Output the data below line for line, exactly, up to and including the line where "Maka lahirlah HUJAN" appears.

--- Supplied data ---

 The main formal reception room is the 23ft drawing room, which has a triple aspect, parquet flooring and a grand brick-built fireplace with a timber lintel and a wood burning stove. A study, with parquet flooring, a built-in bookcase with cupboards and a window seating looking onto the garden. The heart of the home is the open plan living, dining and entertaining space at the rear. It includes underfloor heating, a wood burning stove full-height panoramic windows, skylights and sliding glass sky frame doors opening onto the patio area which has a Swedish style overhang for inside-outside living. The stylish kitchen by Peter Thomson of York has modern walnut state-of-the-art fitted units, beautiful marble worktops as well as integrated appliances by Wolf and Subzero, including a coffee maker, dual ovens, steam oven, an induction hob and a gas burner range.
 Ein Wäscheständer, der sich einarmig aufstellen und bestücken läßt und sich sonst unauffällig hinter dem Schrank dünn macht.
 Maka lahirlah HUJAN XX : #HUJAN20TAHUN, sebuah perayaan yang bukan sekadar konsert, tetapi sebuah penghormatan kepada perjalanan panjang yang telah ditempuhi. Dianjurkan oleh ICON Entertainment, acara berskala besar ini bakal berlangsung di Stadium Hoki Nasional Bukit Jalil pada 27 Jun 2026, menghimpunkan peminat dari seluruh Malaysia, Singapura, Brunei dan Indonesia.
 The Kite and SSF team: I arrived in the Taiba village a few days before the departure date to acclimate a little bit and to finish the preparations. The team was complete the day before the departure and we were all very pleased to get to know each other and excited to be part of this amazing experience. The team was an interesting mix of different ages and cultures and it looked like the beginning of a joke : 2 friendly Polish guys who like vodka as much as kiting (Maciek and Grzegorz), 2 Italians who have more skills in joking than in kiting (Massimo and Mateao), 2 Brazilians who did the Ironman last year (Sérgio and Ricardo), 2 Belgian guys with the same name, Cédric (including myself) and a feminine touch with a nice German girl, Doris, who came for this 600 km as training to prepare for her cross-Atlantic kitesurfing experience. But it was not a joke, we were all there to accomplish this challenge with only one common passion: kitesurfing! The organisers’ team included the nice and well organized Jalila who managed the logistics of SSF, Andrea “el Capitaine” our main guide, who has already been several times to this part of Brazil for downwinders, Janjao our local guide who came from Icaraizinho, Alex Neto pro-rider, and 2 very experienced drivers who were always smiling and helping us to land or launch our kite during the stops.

---

_Written solution_
 The main formal reception room is the 23ft drawing room, which has a triple aspect, parquet flooring and a grand brick-built fireplace with a timber lintel and a wood burning stove. A study, with parquet flooring, a built-in bookcase with cupboards and a window seating looking onto the garden. The heart of the home is the open plan living, dining and entertaining space at the rear. It includes underfloor heating, a wood burning stove full-height panoramic windows, skylights and sliding glass sky frame doors opening onto the patio area which has a Swedish style overhang for inside-outside living. The stylish kitchen by Peter Thomson of York has modern walnut state-of-the-art fitted units, beautiful marble worktops as well as integrated appliances by Wolf and Subzero, including a coffee maker, dual ovens, steam oven, an induction hob and a gas burner range.
 Ein Wäscheständer, der sich einarmig aufstellen und bestücken läßt und sich sonst unauffällig hinter dem Schrank dünn macht.
 Maka lahirlah HUJAN XX : #HUJAN20TAHUN, sebuah perayaan yang bukan sekadar konsert, tetapi sebuah penghormatan kepada perjalanan panjang yang telah ditempuhi. Dianjurkan oleh ICON Entertainment, acara berskala besar ini bakal berlangsung di Stadium Hoki Nasional Bukit Jalil pada 27 Jun 2026, menghimpunkan peminat dari seluruh Malaysia, Singapura, Brunei dan Indonesia.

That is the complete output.